OpenCV is the most popular computer vision library and has a wide range of features. It doesn’t have its own internal storage format for images, instead, it uses NumPy arrays. The common scenario for using this library is when you need to convert an image from Pillow to NumPy so that you can work with it using OpenCV.

Today I’m going to run benchmarks on a Raspberry Pi 4 1800 MHz under a 64-bit OS. After all, where else would you need computer vision, if not on Raspberry? 🙂

# How NumPy Conversion Works

• numpy.array(im) — makes a copy from an image to a NumPy array.
• numpy.asarray(im) — the same as numpy.array(im, copy=False). Supposedly, it doesn’t make a copy but uses the memory of the original object instead. But it’s a bit more complicated than that.

One would think that in the second case, the NumPy array becomes kind of a representation of the original image, and if you change the NumPy array, the image will also change.
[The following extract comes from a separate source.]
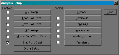Now you are ready to setup the simulation. Select Analysis/Setup or click the Setup icon

In fact, that’s not the case:

`In : from PIL import Image In : import numpy In : im = Image.open('./canyon.jpg').resize((4096, 4096)) In : n = numpy.asarray(im)  In : n[:, :, 0] = 255 ValueError: assignment destination is read-only  In : n.flags Out:       C_CONTIGUOUS : True      F_CONTIGUOUS : False      OWNDATA : False      WRITEABLE : False      ALIGNED : True      WRITEBACKIFCOPY : False      UPDATEIFCOPY : False`

It’s way different from what you get if you use the numpy.array() function:

`In : n = numpy.array(im)  In : n[:, :, 0] = 255  In : n.flags Out:       C_CONTIGUOUS : True   F_CONTIGUOUS : False   OWNDATA : True   WRITEABLE : True   ALIGNED : True   WRITEBACKIFCOPY : False   UPDATEIFCOPY : False`

However, the asarray() function works much faster:

`In : %timeit -n 10 n = numpy.array(im) 257 ms ± 1.27 ms per loop (mean ± std. dev. of 7 runs, 10 loops each)  In : %timeit -n 10 n = numpy.asarray(im) 179 ms ± 786 µs per loop (mean ± std. dev. of 7 runs, 10 loops each)`

There are fewer memory copies, but there’s a price: you can’t change the array. Still, the conversion time remains horribly long compared to the one-copy method. Let’s figure out why that happens.

# NumPy Arrays Interface

`@property     def __array_interface__(self):         shape, typestr = _conv_type_shape(self)         return {             "shape": shape,             "typestr": typestr,             "version": 3,             "data": self.tobytes(),         }`

_conv_type_shape() describes the type and size of the array that should be obtained. But the most interesting things happen in the tobytes() method. If you check how long this method is executed, it becomes clear that, in general, NumPy does not add anything from itself:

`In : %timeit -n 10 n = im.tobytes() 179 ms ± 1.27 ms per loop (mean ± std. dev. of 7 runs, 10 loops each)`

The time is exactly the same as the time of the asarray() function. Well, it seems like we’ve just found the culprit. The only thing left is to change the function call or speed it up, right? But it’s not that simple.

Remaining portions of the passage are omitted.